[Opening Exercise materials section]
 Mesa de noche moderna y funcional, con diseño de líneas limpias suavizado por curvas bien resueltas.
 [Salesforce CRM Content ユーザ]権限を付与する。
[Closing Exercise materials section]
[Opening Exercise materials section]
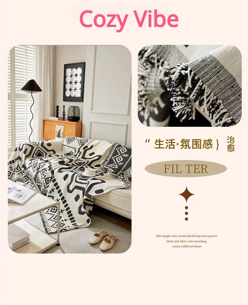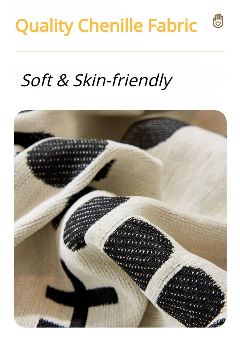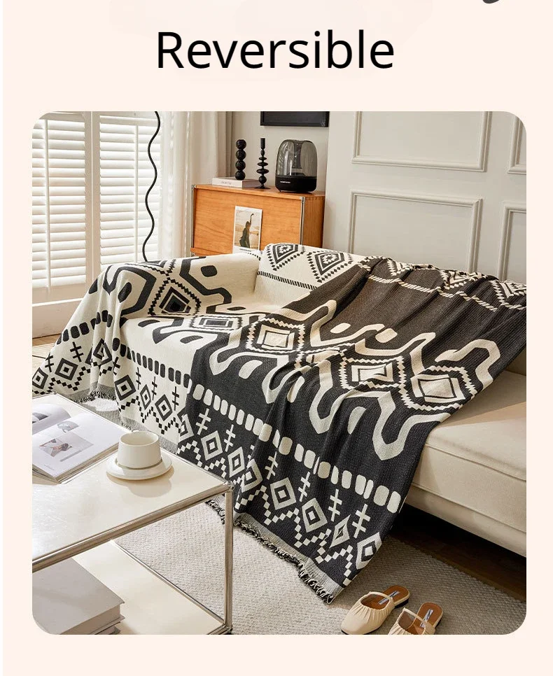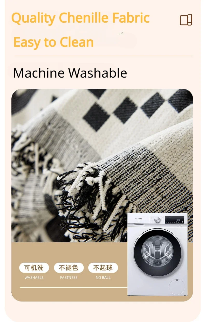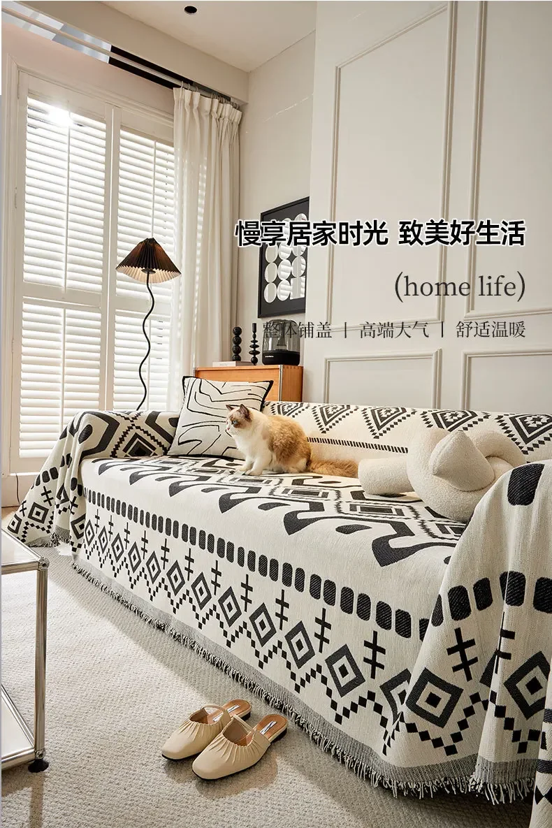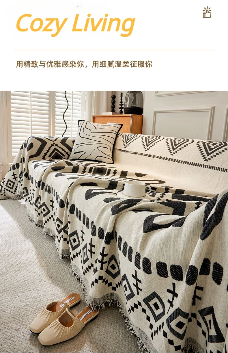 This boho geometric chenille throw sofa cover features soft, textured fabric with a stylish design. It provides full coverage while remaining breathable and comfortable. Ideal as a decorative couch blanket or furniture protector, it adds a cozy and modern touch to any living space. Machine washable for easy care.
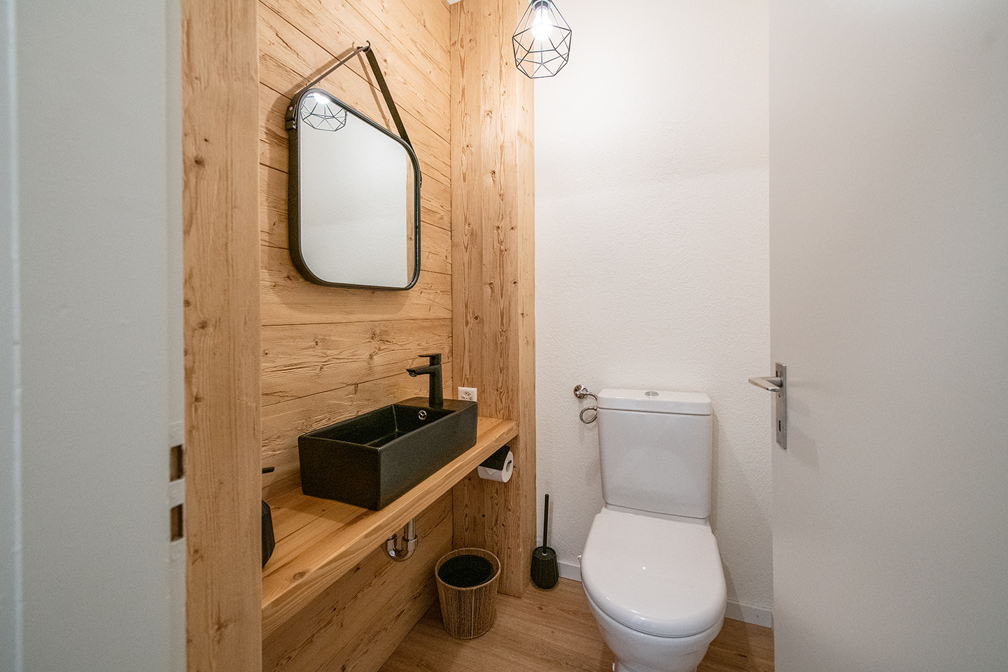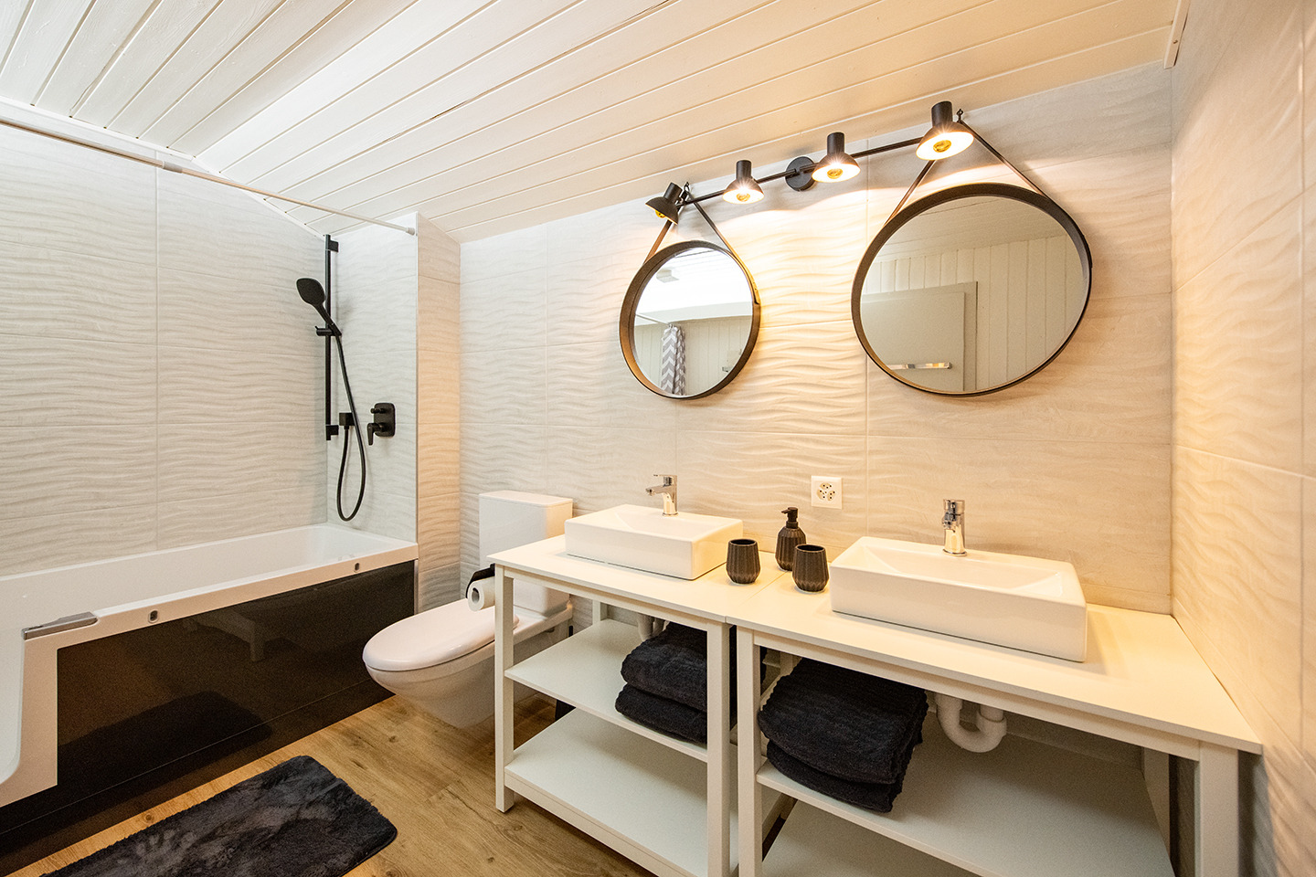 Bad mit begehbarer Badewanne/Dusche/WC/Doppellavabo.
[Closing Exercise materials section]
Reproduce only the lines above, starting at the line with "Mesa de noche" and ending at the line with "[Salesforce CRM Content ユーザ]権限を付与する。", exactly as written.

 Mesa de noche moderna y funcional, con diseño de líneas limpias suavizado por curvas bien resueltas.
 [Salesforce CRM Content ユーザ]権限を付与する。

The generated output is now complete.